Они будут запечатаны в конверт и отданы Франциско, нашему мальчику, родившемуся тогда, шестьдесят один год назад, сырой ноябрьской ночью. Он сейчас среди мамби, в армии Антонио Масео. Его там никто не считает за старика – еще бы, такого молодца! Да, Франциско Лопес был записан в метрике как наш сын и считал себя нашим сыном – моим и Факундо.
Когда ему исполнилось двенадцать, мы однажды пригласили парня пить кофе на веранду, и он пришел и сел среди взрослых, недоумевая, за что такая честь. Он выслушал историю о том, кто есть кто: кто мама, кто бабушка, а братья и сестры превратились в дядей и теток, и, в общем, переворот в его мозгах совершился быстро и бесшумно. Причины тайны были очевидны даже младенцу. Парнишка усмехнулся и заметил:
– А я-то думал, отчего я такой светленький? Прости, Ма, я думал, тут при чем-нибудь мистер Санди. А оказывается, он тут сбоку припеку, вот дела! Кике, значит, ты мой отец? Извини, дружище, я-то привык считать тебя братом!
Он так и не научился считать родителями Энрике и Сесилию. В нашей семье ему было удобнее, а любили и баловали сорванца все, и любим его сейчас.
Но у этой истории есть еще одна подкладка. Я уверена, что Франчикито знает все сам, потому что Факундо всегда говорил: или молчи, или не морочь голову, скажи правду! Мы морочили парню голову вынужденно. О некоторых вещах можно говорить только взрослым людям, и, видимо, Гром просто ждал, когда мальчик будет в состоянии усвоить все, что не так просто, и удержать это внутри себя. Франчикито, сынок! Даже если ты слышал эту историю, мой рассказ, может быть, добавит что-то новенькое. А если нет – что ж… Мне просто хочется об этом рассказать – я молчала столько лет, а меня это тоже как-никак касалось.

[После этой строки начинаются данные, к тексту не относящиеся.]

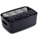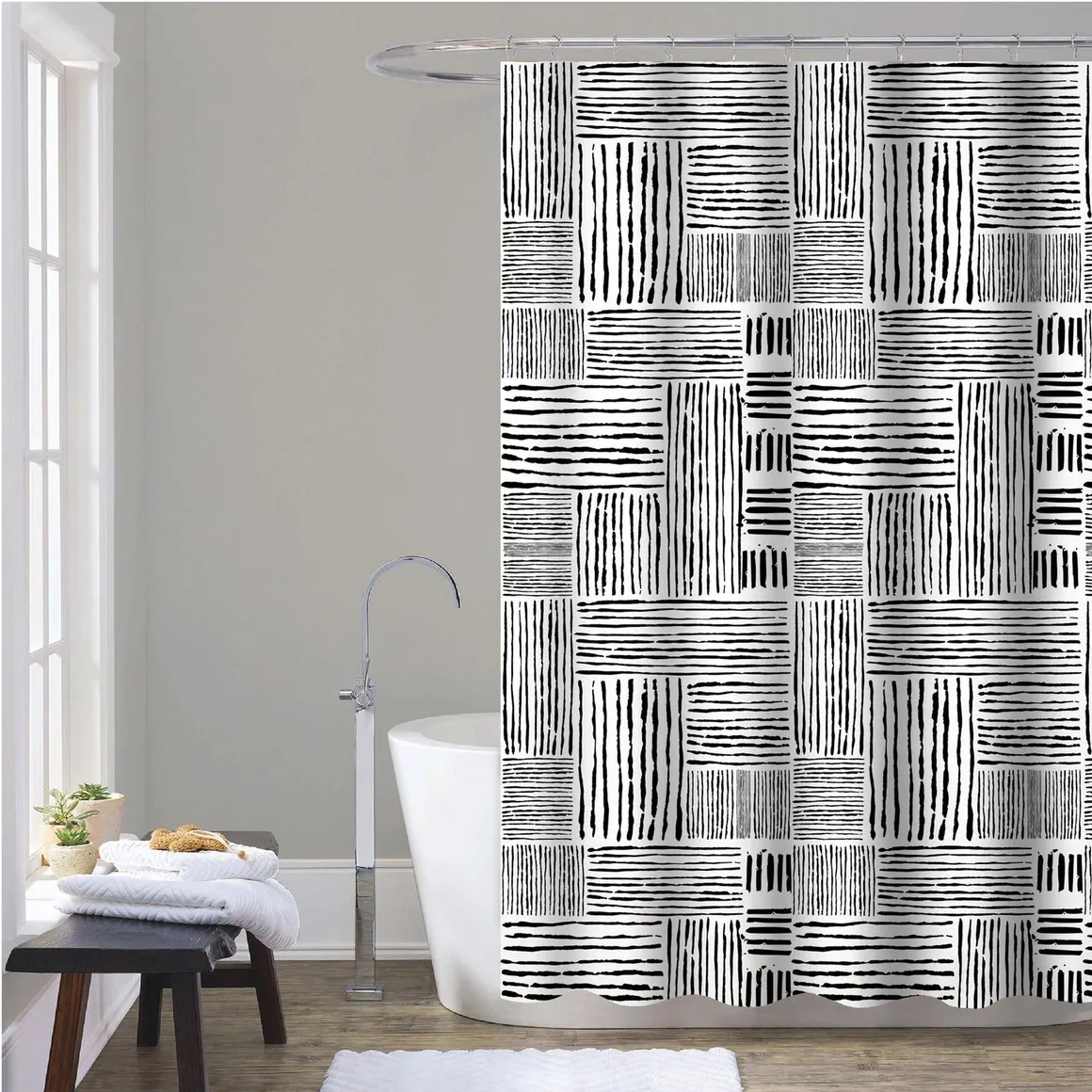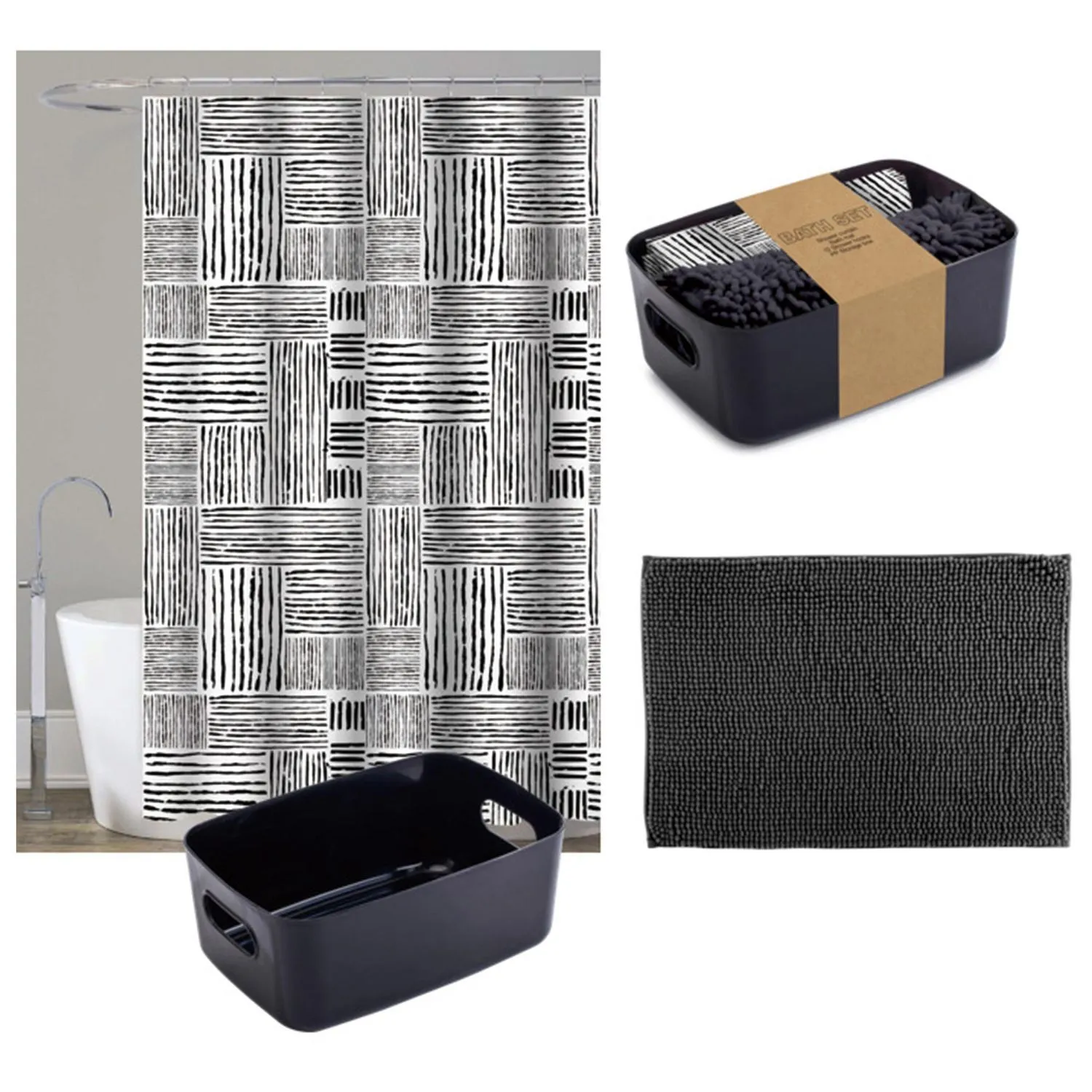 Renová tu baño con este set de 3 accesorios en negro y blanco. Incluye una cortina, una alfombra y una caja plástica, todo lo que necesitás para darle un toque moderno y funcional a tu espacio.
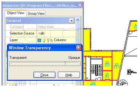 To make a toolbar or dialog transparent, move the cursor onto the desired one and then right-click with the CTRL pressed. When the Window Transparency dialog is displayed, use the slider to set this parameter.
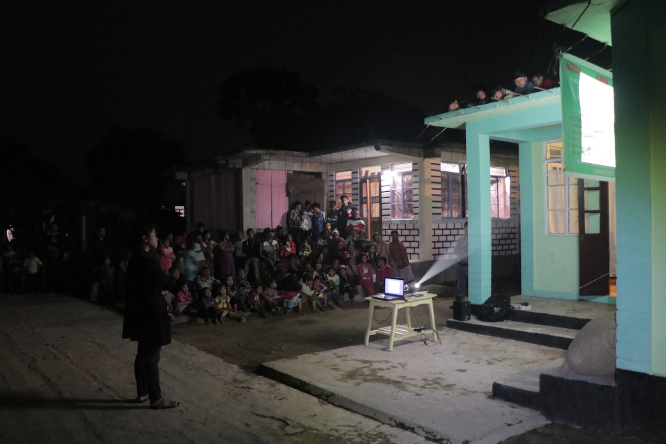 As part of the community awareness program, he is screening a series of wildlife and conservation documentaries in the five villages of Hima Malai Sohmat, with the support of a small team of conservationists from the Wildlife Conservation Society (WCS), who are currently in the area to survey the gibbon population in the community forest.
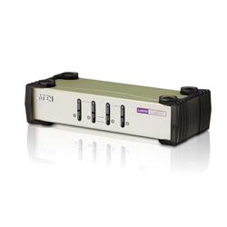 The CS84U PS/2-USB KVM Switch is a desktop control unit that allows users to access four computers from a single KVM console (PS/2 or USB keyboard and mouse, and VGA monitor). In addition, CS84U comes with ATEN’s new Video DynaSync technology, which eliminates boot-up display problems and optimizes resolution. Setup is fast and easy; simply plug cables into their appropriate ports. There is no software to configure, no installationroutines, and no incompatibility problems. Since the CS84U intercepts keyboard input directly, it will work on multiple computing platforms.
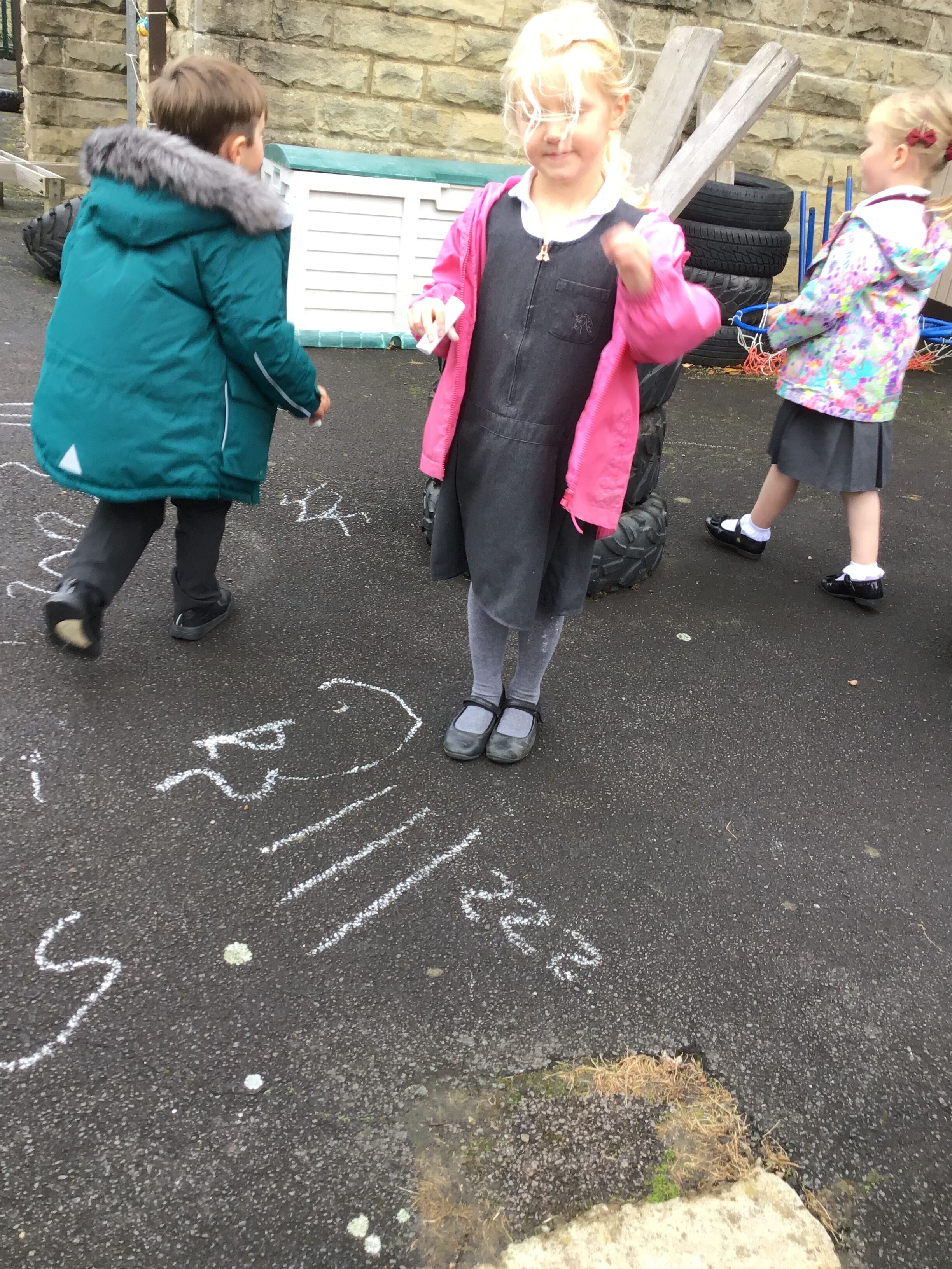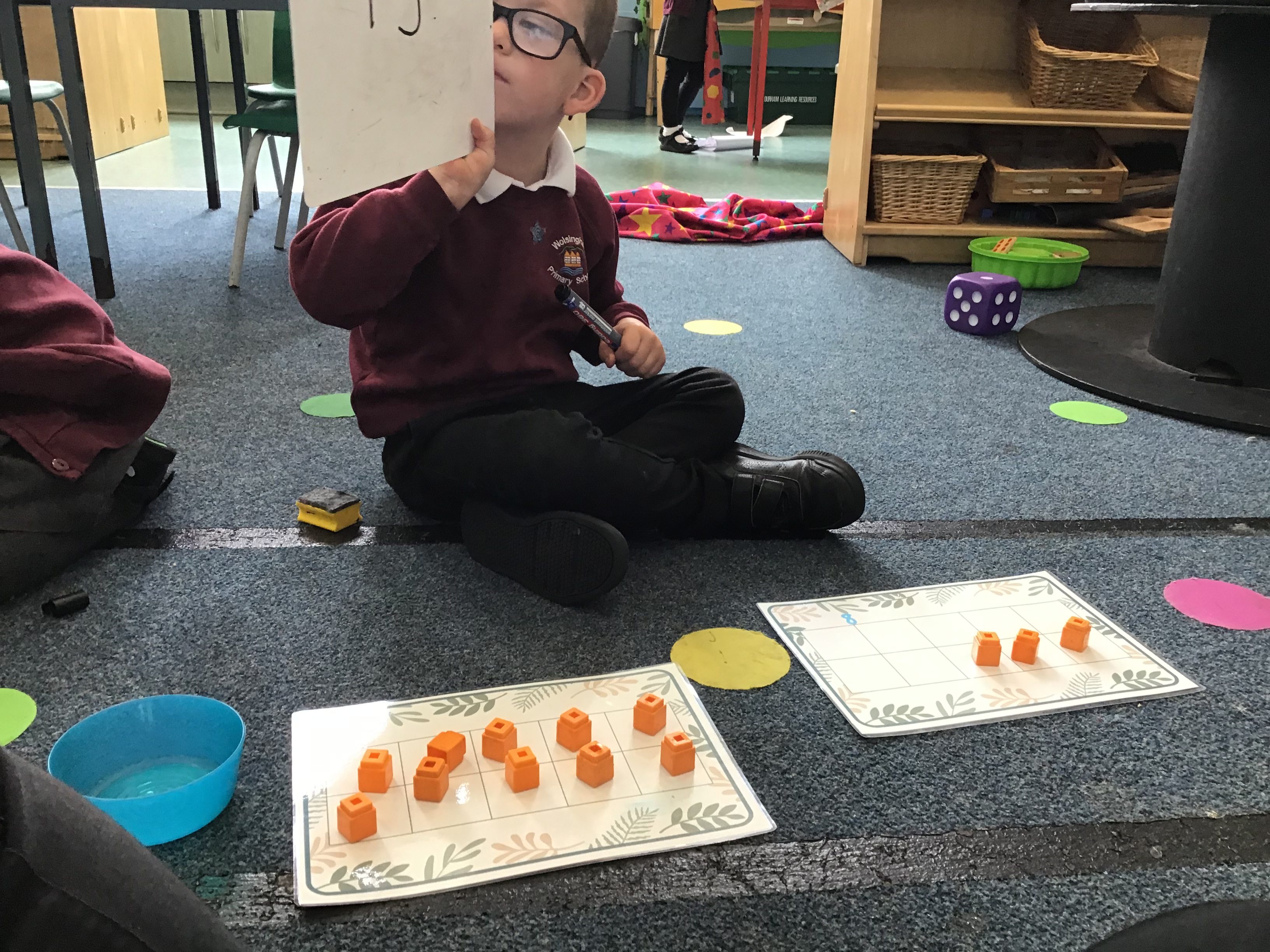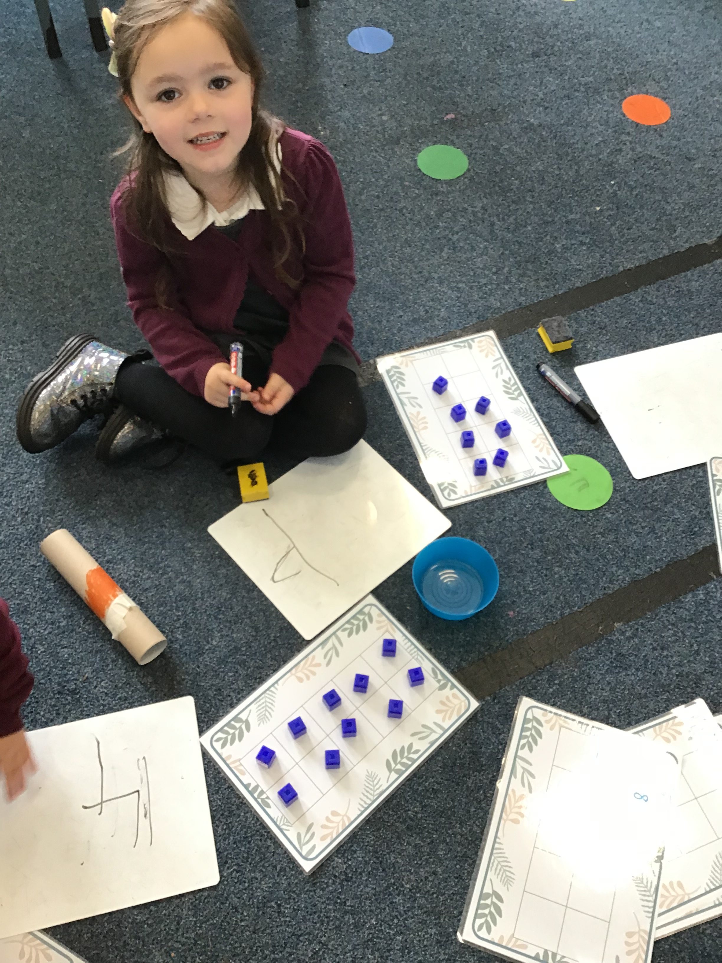 The children have been exploring 5 this week. They have been learning what 5 looks like on a 5 frame and representing 5 in different ways. We used the Ten Town character Fiona Five to practice recognising the numeral 5 and writing it. They also played games to explore the composition of the amount 5, e.g. “3 and 2 make 5”, “4 and 1 make 5” or “2 and 2 and 1 make 5”.
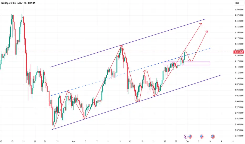 This week, the key resistance area for gold is around 4240-4250. If it can break through effectively, the price of gold is expected to further test the previous highs of 4300 and even 4380. On the downside, 4175-4160 has turned from resistance into the first strong support, and the more critical support is at the 4150 level, a trading zone between bulls and bears. From the 4-hour chart, the main support for the price is at 4200. As long as the market maintains its strong upward momentum, it will not retrace too deeply. Therefore, it is necessary to pay attention to the short-term bullish trend. On the hourly chart, the price rose from 4155, and after a retracement from 4170-4180, it rose to 4226. The bullish trend support is at 4155. As long as the price does not break 4155, it will continue to rise and move towards the 4240-4250 area. In summary, the recommended strategy for gold trading next Monday is to primarily buy on dips and secondarily sell on rallies. The key resistance level to watch in the short term is 4240-4250, while the key support level is 4180-4160. Please keep up with the pace of the market.
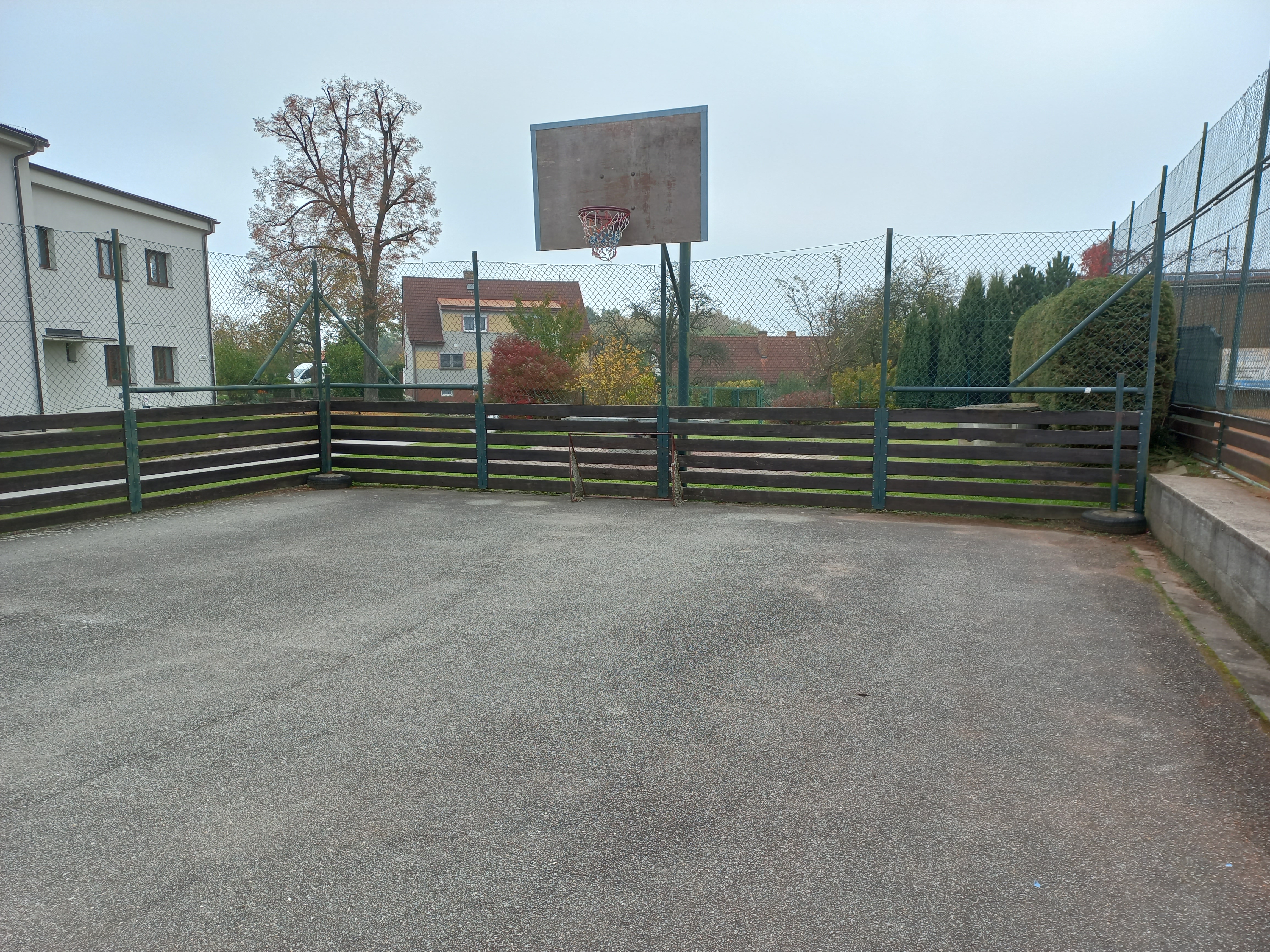 Hřiště má dřevěné mantinely a je vybavené přenosnými sloupky na síť, staršími menšími brankami vhodnými na hokejbal a basketbalovými koši. Plocha není nalajnovaná.
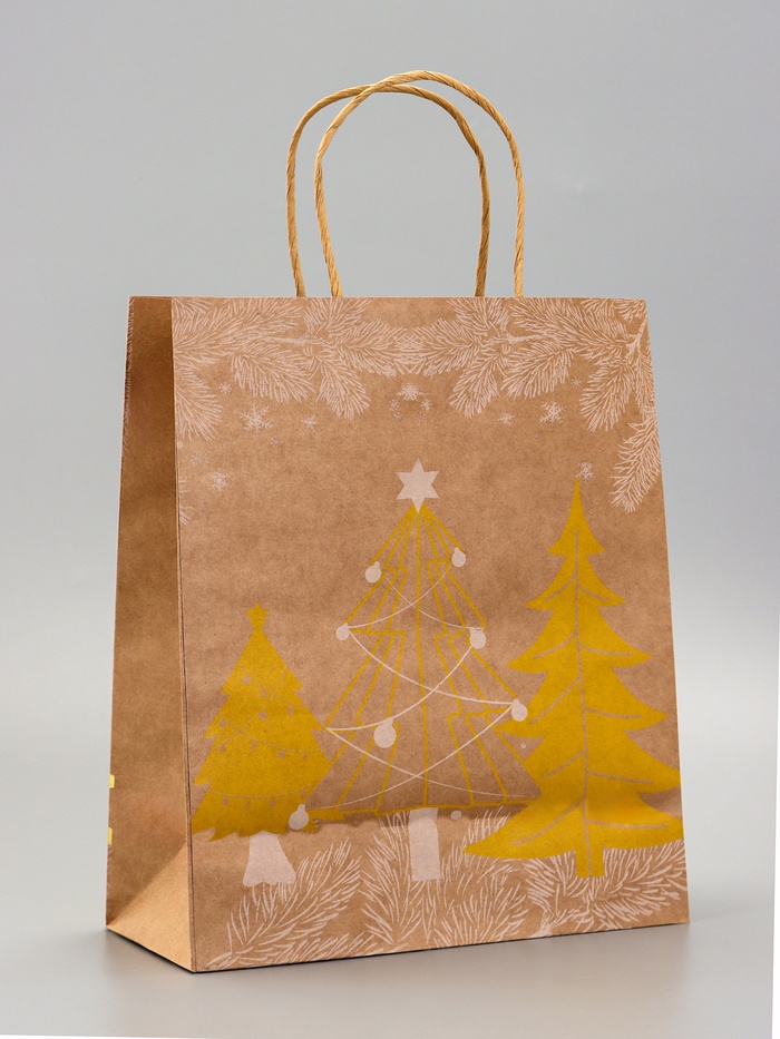 Пакет подарочный новогодний, крафт с золотым тиснением, круглая ручка, «Рождественский лес» 33×25×12 см, 120 г
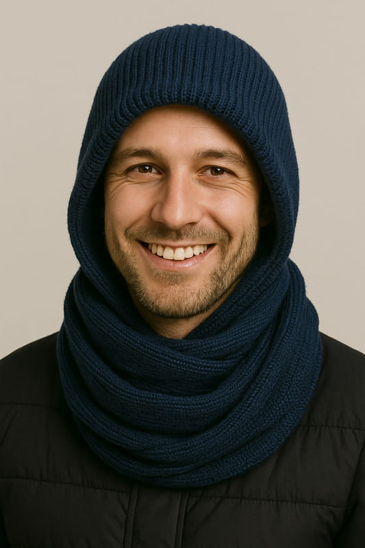 Kapturoszalik DLA DOROSŁYCH z wełny merino mulesing free. Połączenie kaptura z szalikiem - super wygodne i niezwykle praktyczne!

Так вот… На следующий день, утром, погода стояла чудная, и солнышко пригревало.
Мы выбрались пить кофе на маленькую веранду домика, Сесилию в просторном бата вместо платья вынесли с качалкой вместе. Малыш спал рядом с ней в плетеной колыбели. Мы все, конечно, внимательно рассматривали его: темненький мулатик, хотя заметно светлее, чем я, губастый и курносый, был завернут в белую полотняную пеленку, и от этого казался еще темнее.
Конечно, разговор вертелся все время вокруг новорожденного, и вдруг он сам решил принять в нем участие, раскрыл рот
Конечно, я воспользовалась моментом разглядеть его как следует. Накануне, при свечах, не очень-то можно было это сделать. Он был пухлый, щекастый, с круглым пузечком и походил, в самом деле, на моих детей больше, чем на свою старшую сестру. Кожица коричневато-золотистая, и не так, будто закопченная сверху, а словно верхний слой был прозрачный, а краска наносилась изнутри, ровненько-ровненько.
А на левом бедре темнело продолговатое родимое пятно.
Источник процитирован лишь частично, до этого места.